Revision as of 10:43, 13 November 2006

Joe Kennedy

Joseph "Joe" Patrick Kennedy, Sr. (September 6, 1888November 18, 1969) was a prominent United States businessman and political figure, the father of President John F. Kennedy and Senators Robert F. Kennedy and Ted Kennedy. As a leading Irish American Democrat, he was the patriarch of the Kennedy political family.

Background, education and marriage

Joseph Patrick Kennedy was born in Boston, the son of Patrick J. Kennedy, a successful businessman and Irish Catholic community leader. Joseph's grandparents came to America in the mid 1840's to flee the Irish famine. Kennedy was born into a highly sectarian environment where Irish Catholics felt themselves excluded by upper class Yankees. Many Boston Irish were active in the Democratic Party, including Patrick and numerous relatives.

Kennedy yearbook photo from Boston Latin School.

Patrick Kennedy's home was a prosperous and comfortable one, thanks to his successful liquor business and an influential role in local politics. Mary Augusta encouraged Joseph to attend the city's most prestigious public high school, Boston Latin School. Joe was a below average scholar but was popular among his classmates, winning election as class president and playing on the school baseball team.

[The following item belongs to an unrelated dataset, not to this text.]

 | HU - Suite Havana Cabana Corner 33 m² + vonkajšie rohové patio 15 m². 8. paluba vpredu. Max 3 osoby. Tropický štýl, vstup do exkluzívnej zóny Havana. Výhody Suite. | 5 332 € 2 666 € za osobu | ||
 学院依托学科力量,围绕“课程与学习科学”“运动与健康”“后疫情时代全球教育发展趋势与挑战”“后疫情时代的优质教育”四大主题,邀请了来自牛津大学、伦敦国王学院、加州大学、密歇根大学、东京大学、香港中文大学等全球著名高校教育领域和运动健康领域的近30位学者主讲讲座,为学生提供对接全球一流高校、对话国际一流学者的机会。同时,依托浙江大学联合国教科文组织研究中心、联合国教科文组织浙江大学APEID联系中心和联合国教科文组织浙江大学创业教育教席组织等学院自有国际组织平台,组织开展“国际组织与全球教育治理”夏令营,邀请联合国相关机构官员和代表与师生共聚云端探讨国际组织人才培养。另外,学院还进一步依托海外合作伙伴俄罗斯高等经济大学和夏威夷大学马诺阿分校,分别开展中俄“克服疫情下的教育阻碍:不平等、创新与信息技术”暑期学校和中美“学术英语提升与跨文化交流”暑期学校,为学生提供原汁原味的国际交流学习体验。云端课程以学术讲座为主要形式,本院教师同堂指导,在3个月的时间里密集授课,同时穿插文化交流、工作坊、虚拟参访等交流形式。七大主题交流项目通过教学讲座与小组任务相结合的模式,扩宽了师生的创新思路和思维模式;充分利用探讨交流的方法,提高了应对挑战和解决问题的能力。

Kennedy followed in the footsteps of several older relatives and attended Harvard College. At Harvard he focused on becoming a social leader, working energetically to gain admittance to the prestigious Hasty Pudding Club. While at Harvard he joined the Delta Upsilon Fraternity.

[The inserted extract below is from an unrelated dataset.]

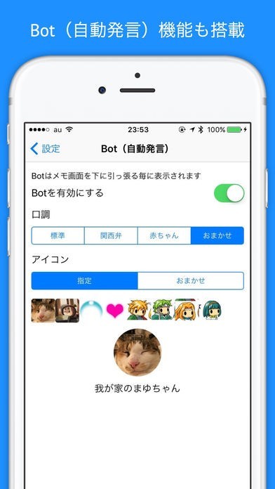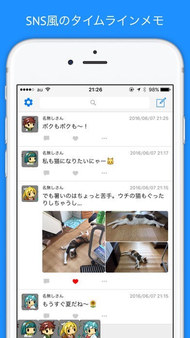 まるでSNSに投稿しているような感覚になる、一風変わったメモアプリです。見た目はSNSそのものです。メモした内容もまるでチャットしているかのように表示されます。アイコンを使い分ければ、一人で何役も演じる事ができます。こうすることで、自分の頭の中だけではまとまりきらなかった内容が、第三者目線から見ることができるので、違う角度から物事を考えられるようになり、よりよりアイディアが生まれやすくなります。某SNSサイトのようにbotやいいねボタンがついており、暇な時間も楽しく使用することができます。また、リアルなチャット形式なので、会話下手な人は、このアプリで会話のシミュレーションができてしまいます。

Joseph was infuriated when he was rejected by a fraternity, convinced that anti-Irish prejudice was at work. This event left bitter memories that resonated with him for the rest of his life.

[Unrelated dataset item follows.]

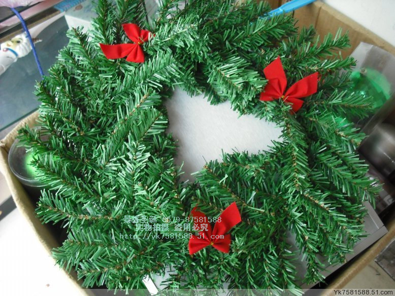 Green plastic leaves 40 cm diameter of Christmas decorated with blossom embryo of blossom 40cm Christmas wreath

In 1914, he married Rose Fitzgerald, the daughter of John F. Fitzgerald, the Democratic mayor of Boston and probably the most recognized politician in the city.

Business career

Kennedy made a large fortune as a stock market and commodity speculator and by investing in real estate and a wide range of industries. He never built a significant business from scratch, but his timing as both buyer and seller was usually excellent. Sometimes he made use of inside information in ways which would later become illegal, but regulations were lighter in his era. He later became the Chairman of the SEC. When Fortune magazine published its first list of the richest people in the United States in 1957 it placed him in the $200-400 million band, meaning that it estimated him to be between the ninth and sixteenth richest person in the United States at that time.

Early ventures

After graduating from Harvard in 1912, he took his first job as a state-employed bank examiner. In that role, he learned that a certain bank was trying to take over the smaller Columbia Trust Bank, in which his father was a minority shareholder. Borrowing $45,000 he bought control and at age 25, he became the youngest bank president in the country.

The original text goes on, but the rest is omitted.